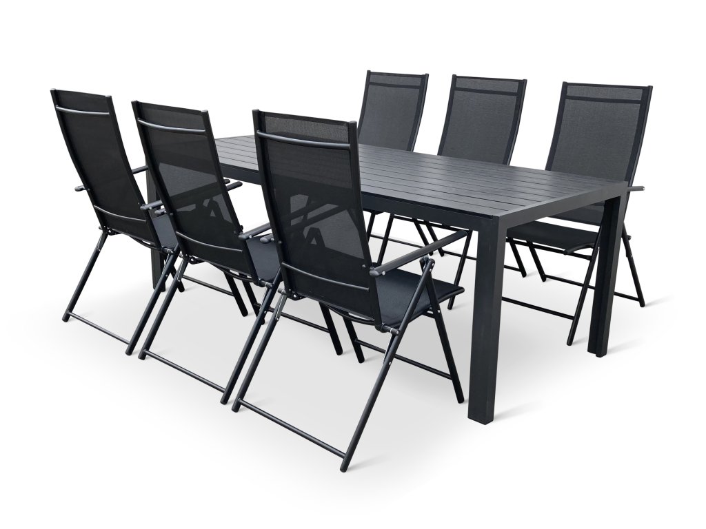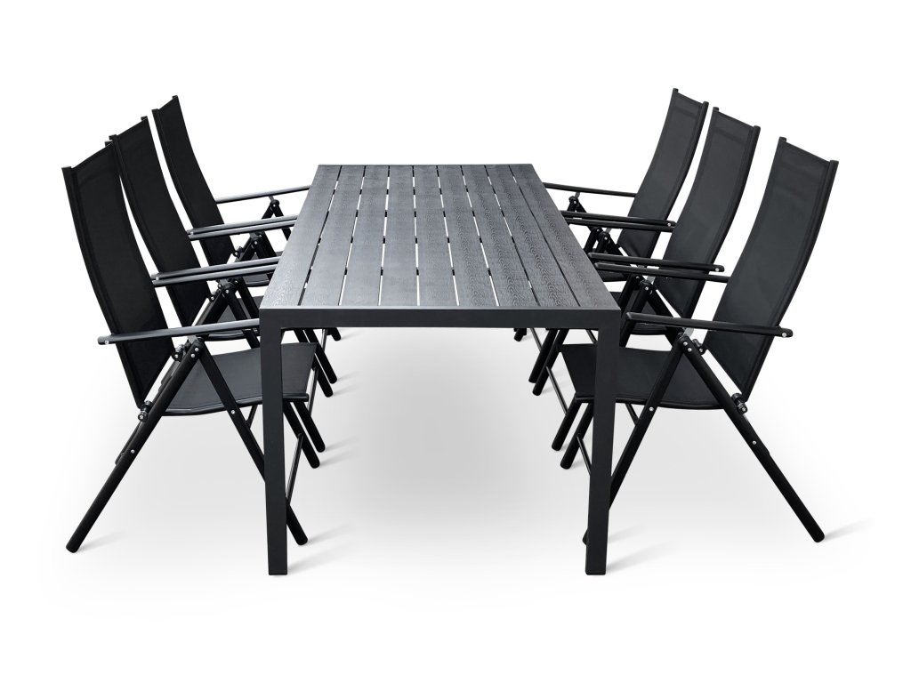 Zostavu tvorí Bezúdržbový kovový stôl Viking XL a 6 Polohovacích kovových stoličiek Pia.
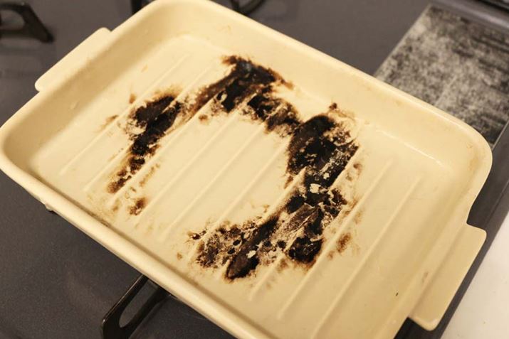 本体の汚れが1番ひどかった時がコレ。ワンタンを焼こうとしたところ、皮が焦げ付いてしまいました(鉄鍋餃子みたいにできるかなと思ったのですが、できませんでした)。肉や魚を焼いているだけでは、このような汚れにはならないと思います
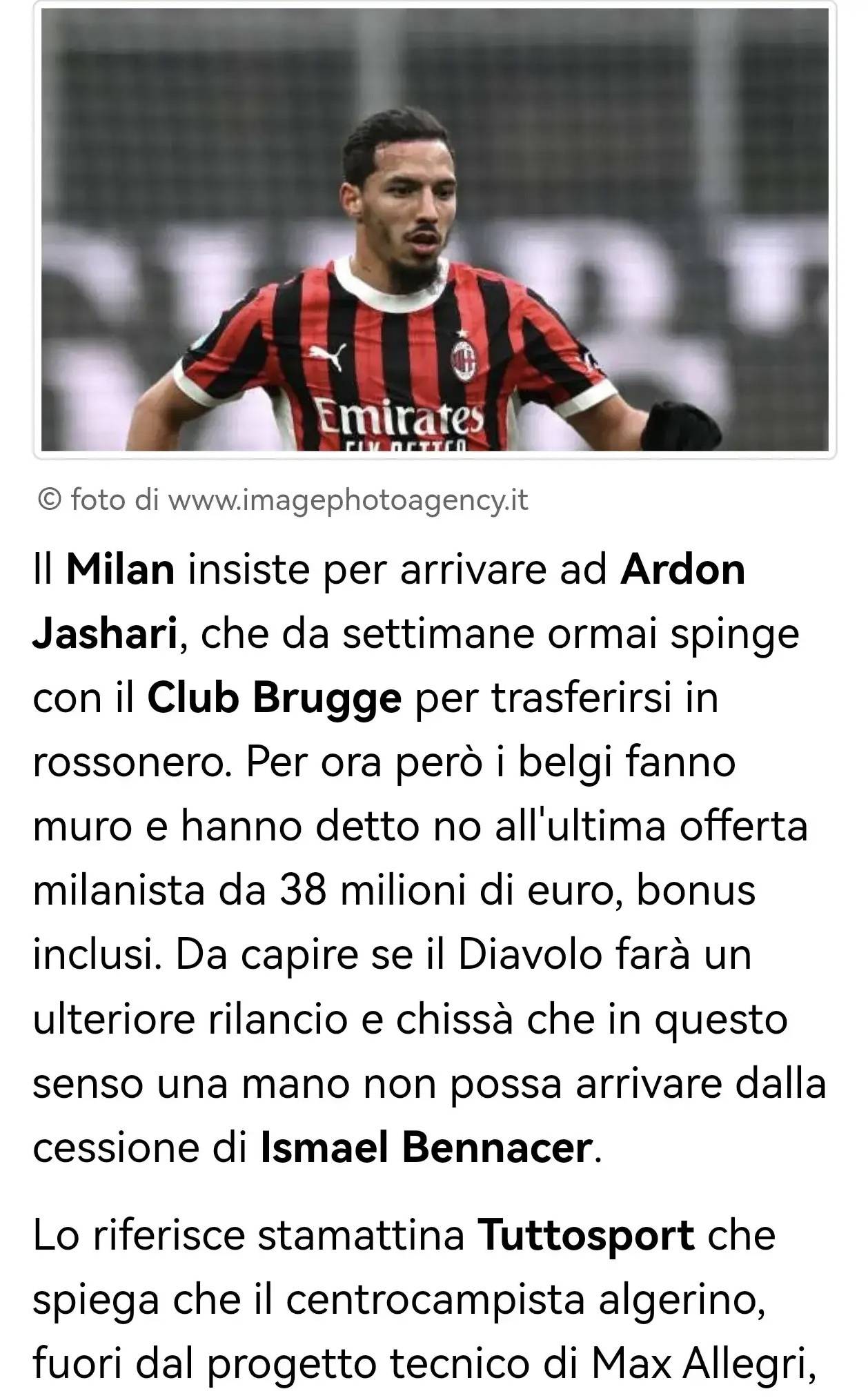 - 米兰为贾沙里提供最终报价 3500万欧固定+200万浮动 (2025/07/29 11:18)
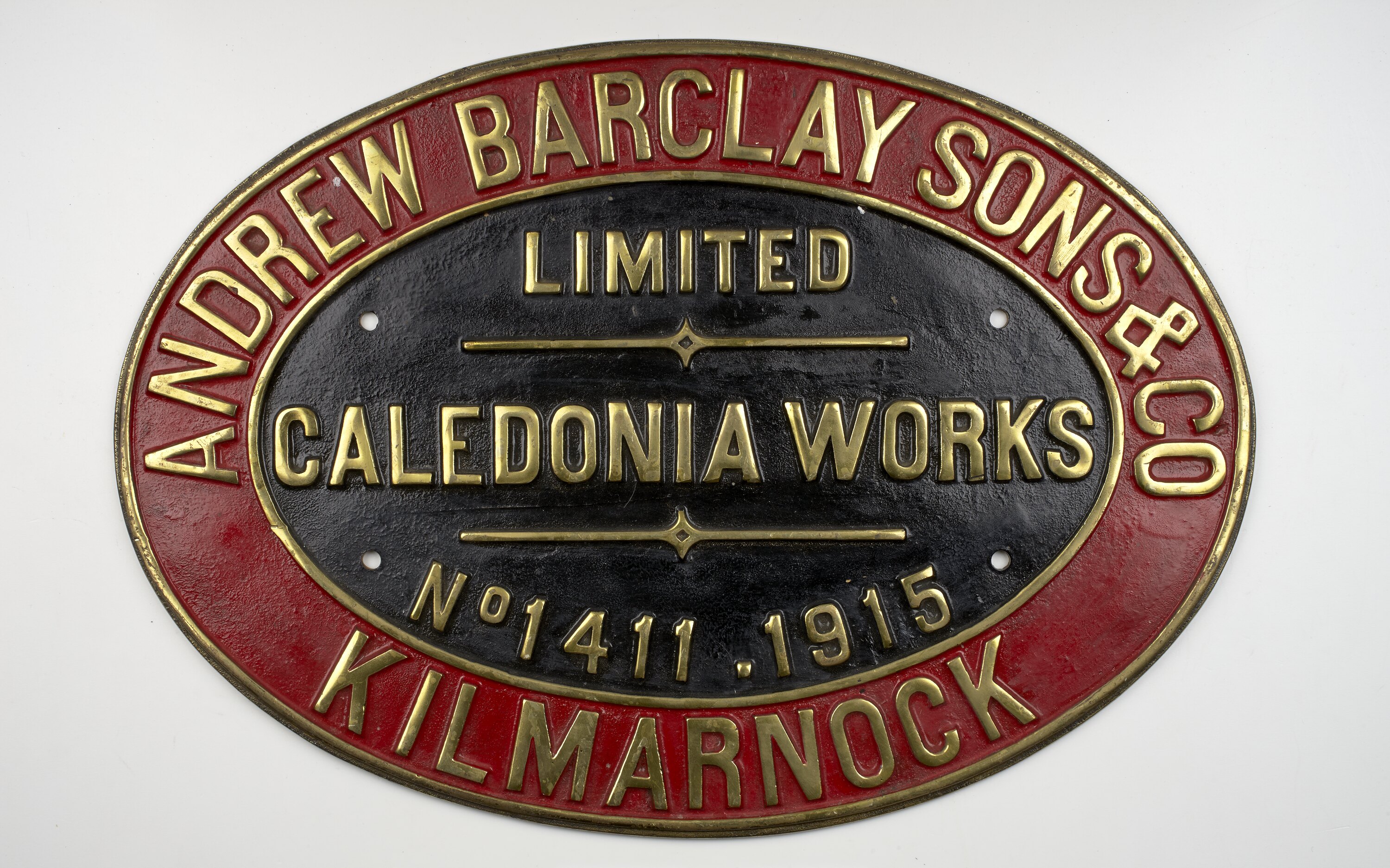Cast iron oval locomotive builders plate, No. 1411, manufactured by Andrew Barclay Sons & Co. Ltd, Caledonia Works, Kilmarnock in 1915.
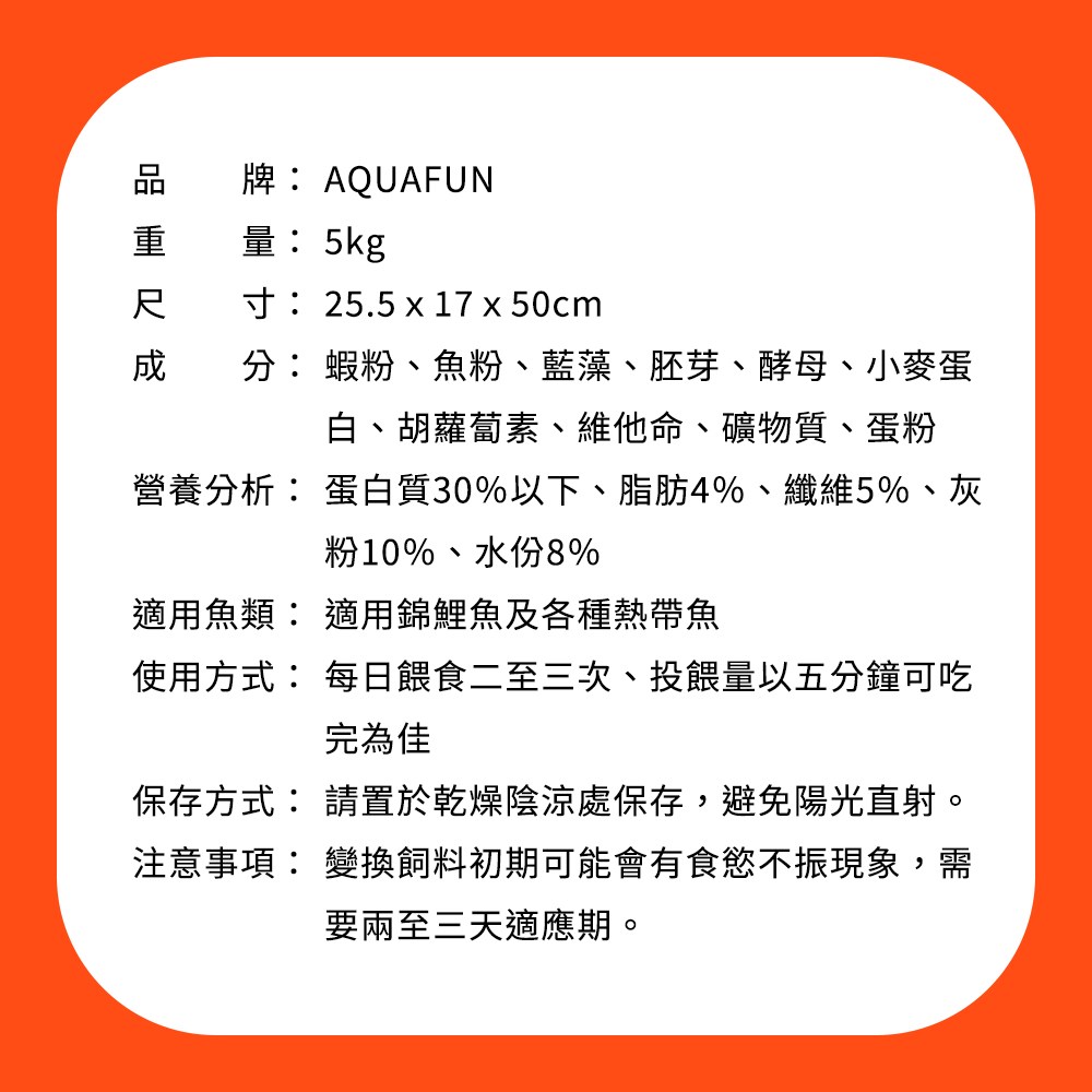- 魚飼料種類: 漂浮,顆粒
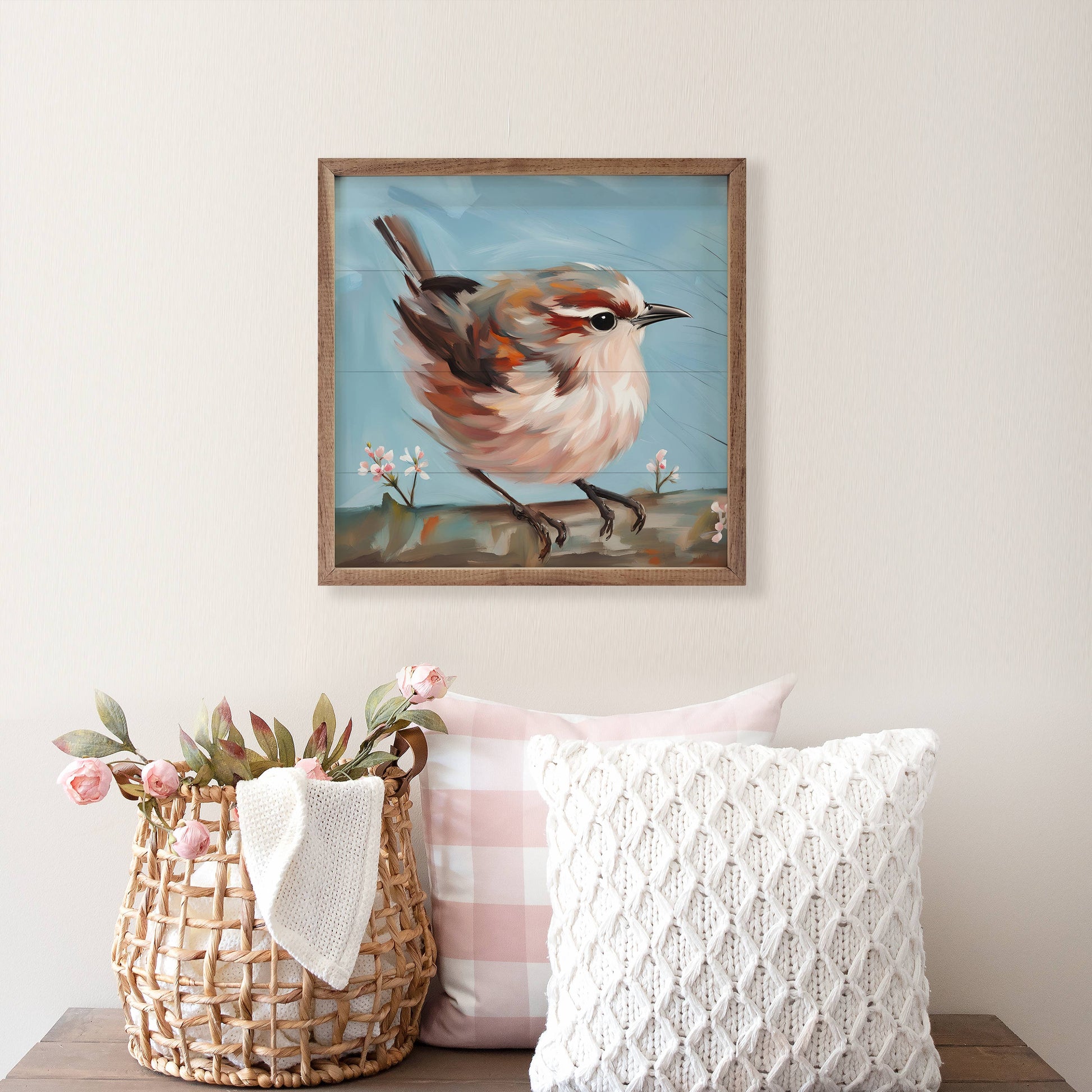 This unique piece is a simple way to bring beauty and charm to any wall or shelf within the home. It is made from high quality American hardwood planks with a hand painted face, and printed with UV cured ink, and is framed in a natural walnut frame. Each piece is unique with its own personality, marks, wood grain, and look. Easy to clean with a dry cloth.

· · ·

Work to complete: Set down each entry above word for word, without its pictures.

Output below:
 Zostavu tvorí Bezúdržbový kovový stôl Viking XL a 6 Polohovacích kovových stoličiek Pia.
 本体の汚れが1番ひどかった時がコレ。ワンタンを焼こうとしたところ、皮が焦げ付いてしまいました(鉄鍋餃子みたいにできるかなと思ったのですが、できませんでした)。肉や魚を焼いているだけでは、このような汚れにはならないと思います
 - 米兰为贾沙里提供最终报价 3500万欧固定+200万浮动 (2025/07/29 11:18)
Cast iron oval locomotive builders plate, No. 1411, manufactured by Andrew Barclay Sons & Co. Ltd, Caledonia Works, Kilmarnock in 1915.
- 魚飼料種類: 漂浮,顆粒
 This unique piece is a simple way to bring beauty and charm to any wall or shelf within the home. It is made from high quality American hardwood planks with a hand painted face, and printed with UV cured ink, and is framed in a natural walnut frame. Each piece is unique with its own personality, marks, wood grain, and look. Easy to clean with a dry cloth.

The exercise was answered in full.